Companies House will draw on mechanisms similar to those used by HMRC, where applicants demonstrate a legitimate interest in disclosures from HMRC’s trust registration service. The registrar may request additional information or evidence to determine an application or refer a question to another party who they consider may be able to assist in determining the application. With extensive experience in handling sensitive requests, Companies House is well prepared; it has contingency plans to manage any surge in applications promptly and efficiently. I note that a nominal fee will be required of applicants to make sure that this is cost-neutral with regard to the Government. I think that covers most of those questions, but do correct me if I am wrong.
I shall now move on to the questions asked by the noble Lord, Lord Sharpe, about what legitimate interest is, how it is pursued and followed up, and what the application process is. To apply for access to information about a specific trust, applicants must provide their personal information, the name of the trust related to the relevant protected trust information, and the overseas entity’s name and ID. Applicants seeking trust information related to minors or bulk access—that is, applying for information on more than one trust in a single attempt —must demonstrate a legitimate interest, such as investigating money laundering, tax evasion, terrorist financing or a breach of sanctions imposed by regulations under the Sanctions and Anti-Money Laundering Act 2018. They must provide a statement to Companies House that they are requesting the relevant protected trusts’ information to further their investigation and a statement of how they plan to use the information. Companies House is not obliged to disclose the information if it could prejudice an ongoing criminal investigation or adversely affect national security; if it involves a pension scheme; and where the individual has applied for protection.
With regard to how someone will show that they are investigating money laundering et cetera for the legitimate interest test, applicants are expected to provide comprehensive details of the investigation that they are undertaking, supported by evidence to demonstrate the legitimacy and seriousness of their request. This will help ensure that applications are valid and that the process is not misused.
I think that you talk to the problem at hand, which is how you balance off disclosure from harm. There will often be legitimate reasons for wanting to access this information, but there are also legitimate reasons why you would not want someone to have that information. I do not think that this is a policy where you can describe a single selection, or parameters, that will defend both sides, which is the exact reason for this process, I believe.

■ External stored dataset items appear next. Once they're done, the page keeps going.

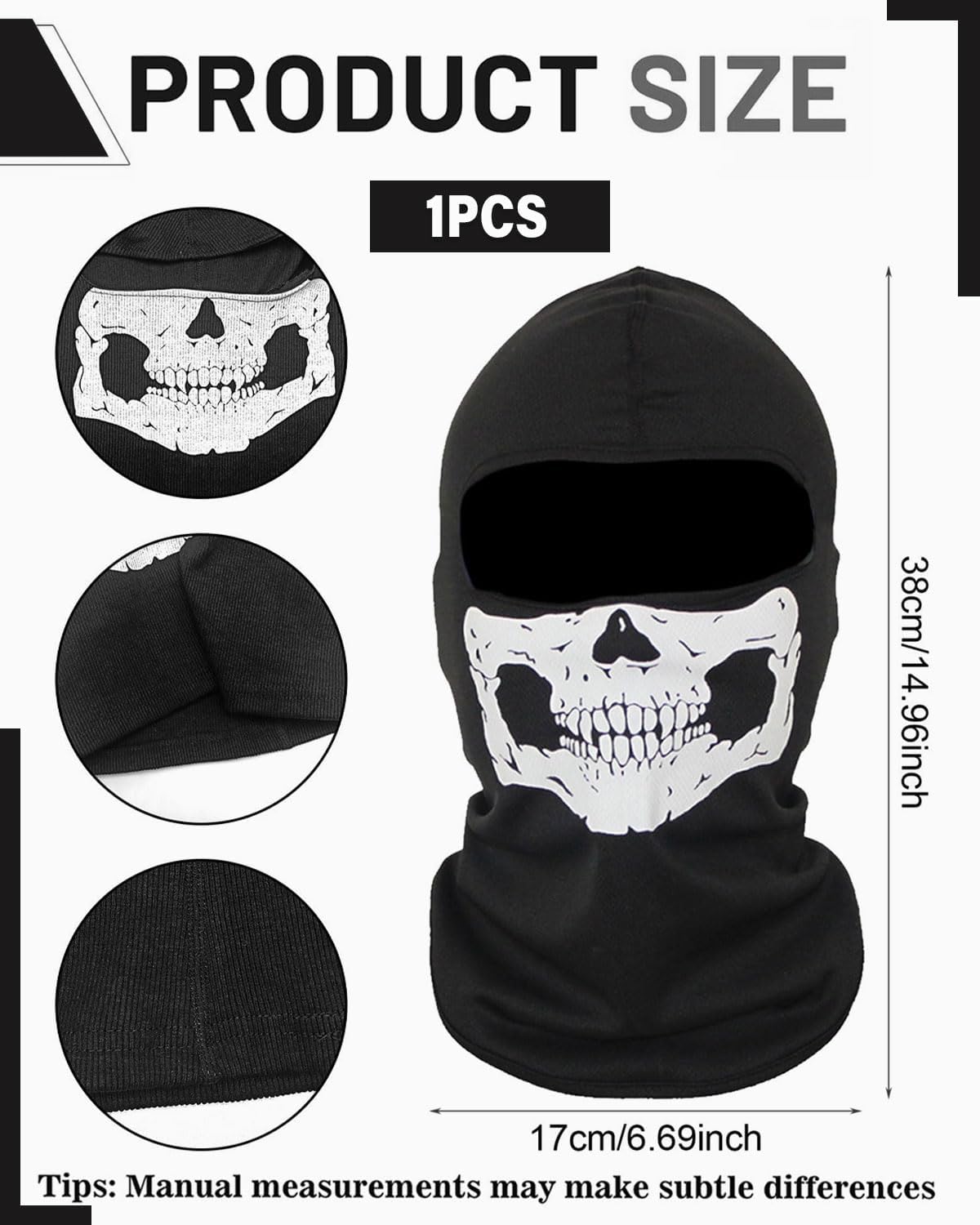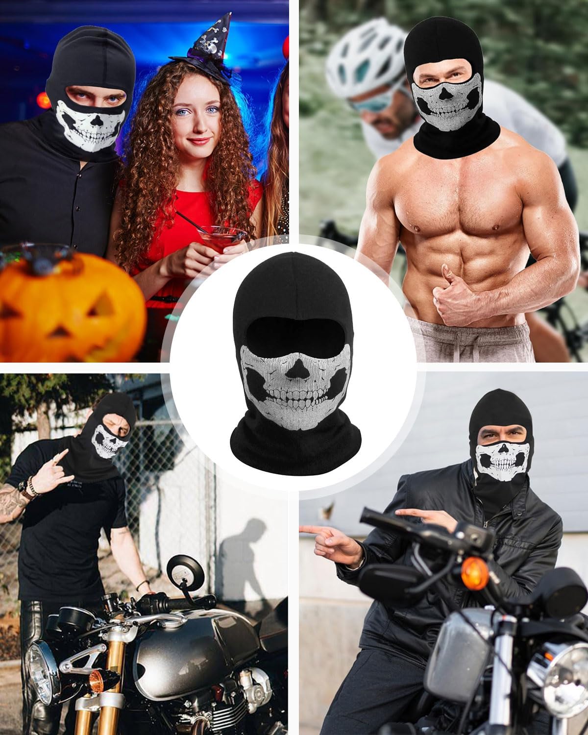 Questo cappello con teschio di Halloween è realizzato in tessuto di cotone morbido ed elastico che assorbe l'umidità, protegge dal vento e dal sudore e blocca efficacemente i raggi UV. Taglia unica adatta alla maggior parte degli uomini e delle donne. Maschera fantasma di Halloween: maschera fantasma con cappuccio, tessuto elastico, motivo teschio serigrafato, motivo teschio incrinato simile a un fantasma, più realistico, confortevole e caldo, adatto per l'uso esterno. Queste maschere divertenti e realistiche sono perfette per feste di Halloween, carnevali, feste horror, la notte dei morti viventi, balli in maschera, feste a tema, trucco da zombie, trucco da vampiro, trucco per cicatrici, trucco per ferite, trucco per morso di vampiro, accessori fotografici e accessori per costumi di Halloween. Questa maschera da scheletro di Halloween è perfetta per giochi di ruolo, motociclismo, escursionismo, ciclismo, corsa, caccia e campeggio. Questa maschera antivento può essere abbinata a vari costumi per aggiungere un tocco originale al tuo travestimento. La maschera da fantasma è ideale per Natale, Halloween e feste festive e porterà un effetto visivo spettrale al tuo ballo in maschera o alle attività all'aperto.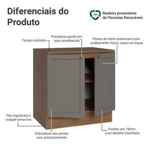 O acabamento de alta resistência da estrutura é em amadeirado Rustic e das portas em Cinza. Possui uma textura suave ao toque, trazendo leveza e sofisticação ao ambiente. O destaque fica por conta dos puxadores ponto em ouro envelhecido, feitos com metal resistente, trazem personalidade e um charme único. Outro diferencial está no detalhe chanfrado das frentes, que forma molduras elegantes e dá profundidade ao design, refletindo o estilo americano com um toque moderno.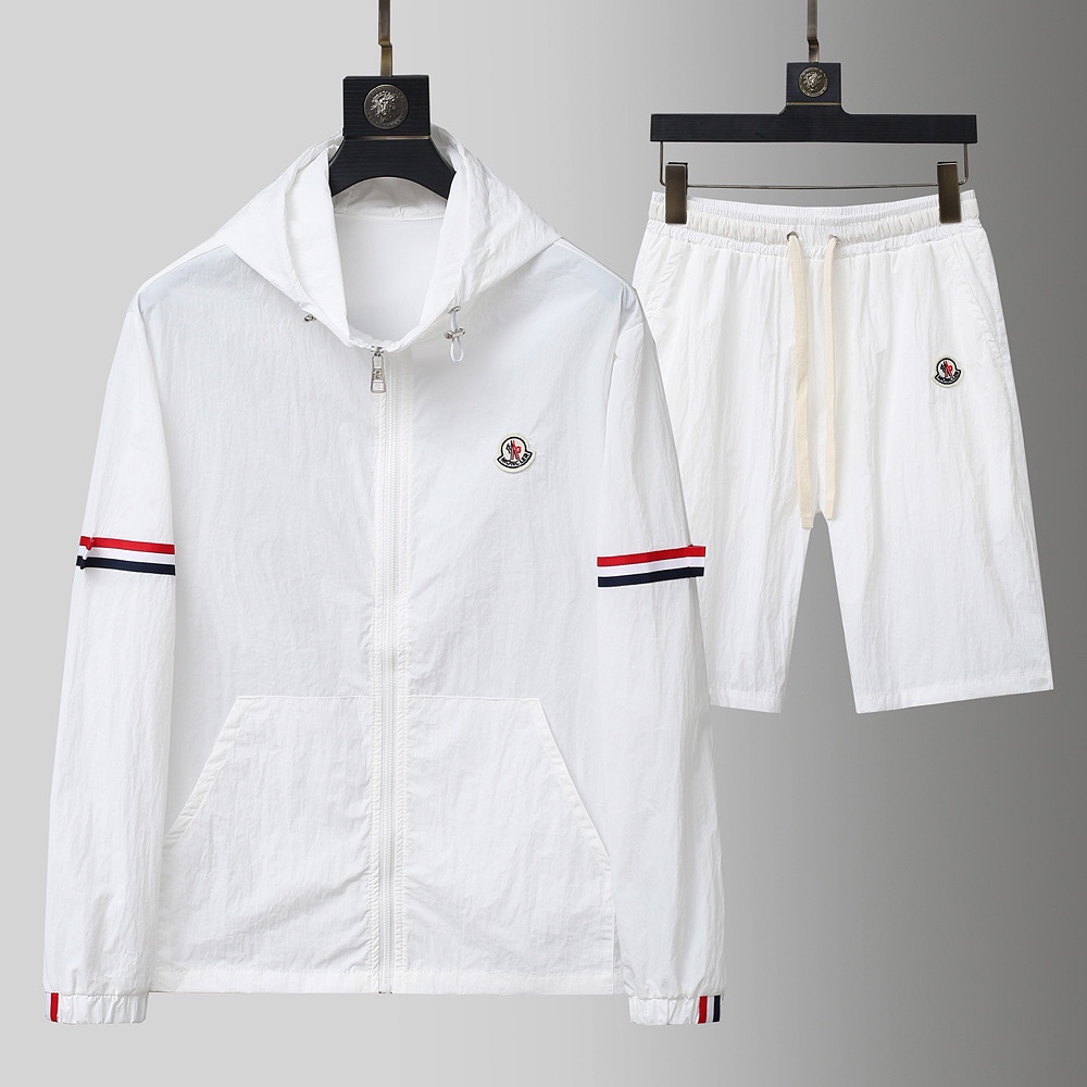 Moncler 2025 SS windbreaker & shorts set. Lightweight, UV protection, full logos. High-quality materials, custom hardware. Available in M-3XL.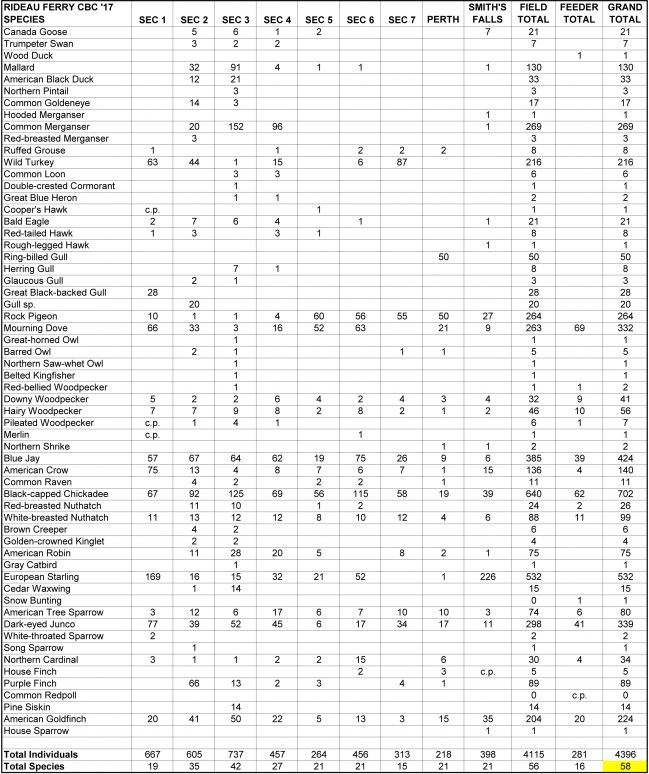 The chart below the photos, summarizes results of the 4396 birds counted and was prepared by count compiler Alison Bentley. Or click here for a pdf of these 2017 Rideau Ferry Christmas Bird Count results.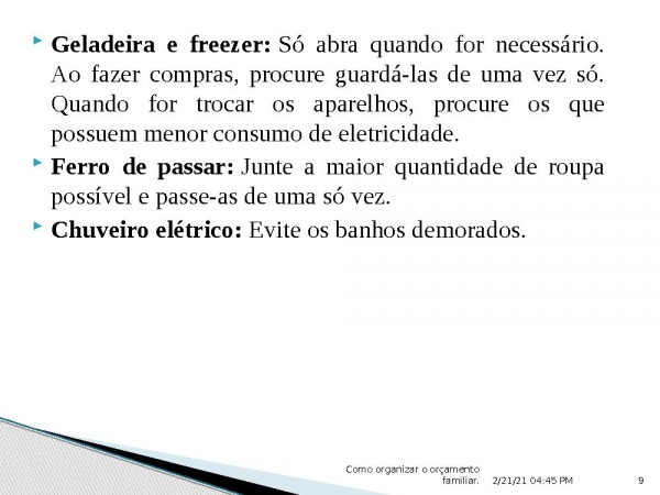 - Geladeira e freezer: Só abra quando for necessário. Ao fazer compras, procure guardá-las de uma vez só. Quando for trocar os aparelhos, procure os que possuem menor consumo de eletricidade.Ferro de passar: Junte a maior quantidade de roupa possível e passe-as de uma só vez.Chuveiro elétrico: Evite os banhos demorados.04/12/2014 23:49Como organizar o orçamento familiar.9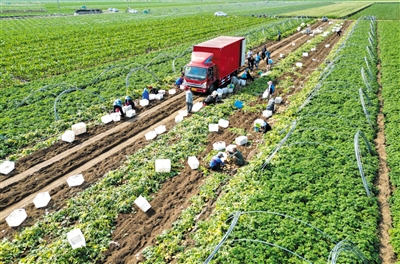6月1日,农民在河北省玉田县玉田镇一处供京蔬菜基地内收获马铃薯(无人机照片)。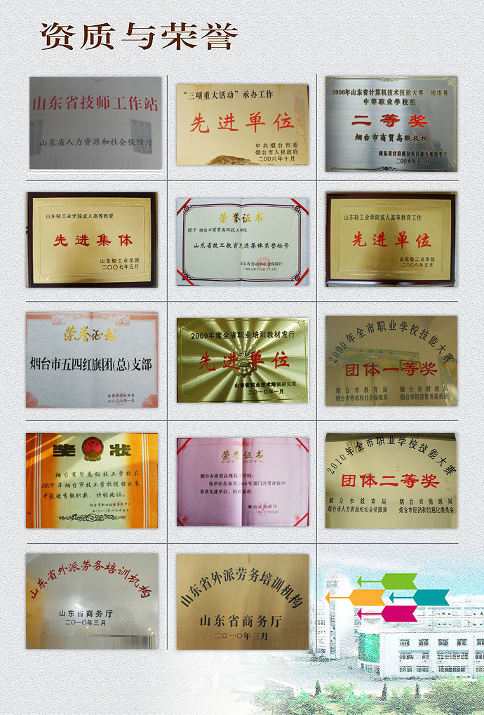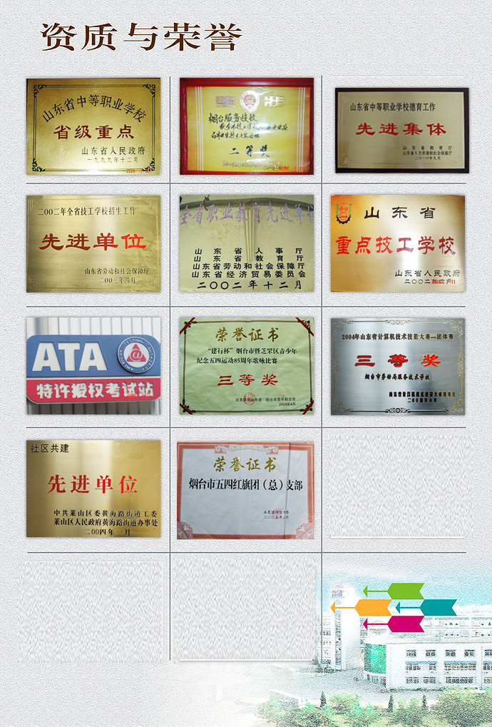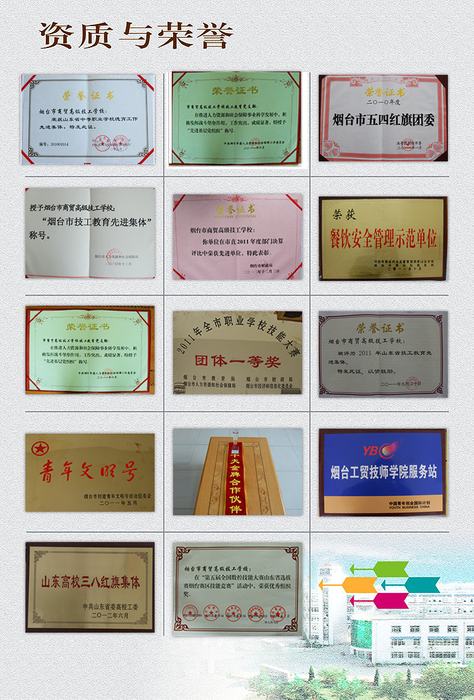 煙臺文化旅游職業(yè)學院是在煙臺工貿(mào)技師學院基礎(chǔ)上建立,全國第一所以"文化旅游"產(chǎn)業(yè)命名 的全日制職業(yè)高等學校,被授予國家級高技能人才培訓基地、國家旅游局職業(yè)教育校企合作示范基地、 山東省金藍領(lǐng)人才培訓基地、山東省全域旅游人才培訓基地、煙臺工匠孵化基地、山東省文明單位和中國魯菜學府等稱號。學院全面貫徹黨的教育方針,以立德樹人為根本,以促進就業(yè)和適應(yīng)產(chǎn)業(yè)發(fā)展需求為導向,堅持"質(zhì)量立校、特色興校、創(chuàng)新強?!钡霓k學理念,堅持"產(chǎn)教融合、校企合作”的辦學模式,培養(yǎng)適應(yīng)文化旅游新產(chǎn)業(yè)、新業(yè)態(tài)、新模式的新時代高素質(zhì)技術(shù)技能人才。 煙臺文化旅游職業(yè)學院位于“..

The applicant who requires the information has to give full and detailed information as to their identity and why they would need the information, and the individual whose details are being disclosed has the opportunity to write and say that this is information that could cause them harm were it to be disclosed—and proactively make that statement, so that the registrar has the ability to protect those interests. Then it is the registrar’s role to take that information and ensure that they are getting that balance right. They have the information about the applicant, and they can make that judgment based on whether something is a legitimate interest and this is not a bulk access—someone trying to get the full list of all the trustees so that they can sell their local accountancy advice, or whatever that motivation is. On the other hand, they also have the register for people who believe that interest would be detrimental to their personal ability. Their role is to balance the two, providing that transparency but also protecting them from harm.
I am sorry to labour the point, but the way in which it is being depicted is as if people will accept the registrar’s ruling and say, “Oh, yeah, right, I understand why you’re not letting me do this”, or, “I understand why you’re letting this person look at my identity”. It seems to me that human nature will operate in exactly the opposite direction and that there will quickly be a huge backlog of people who do not agree with the registrar’s decision, one way or the other. There does not seem to be a defined appeal process. If it is all getting lumped into judicial review, we all know how long that takes and what it leads to—and if there is no system and it all ends at the registrar, there is huge pressure on the registrar to be right every time, which will be extraordinarily difficult. While I can understand how it is being described, my sense is that it will be a lot messier than that.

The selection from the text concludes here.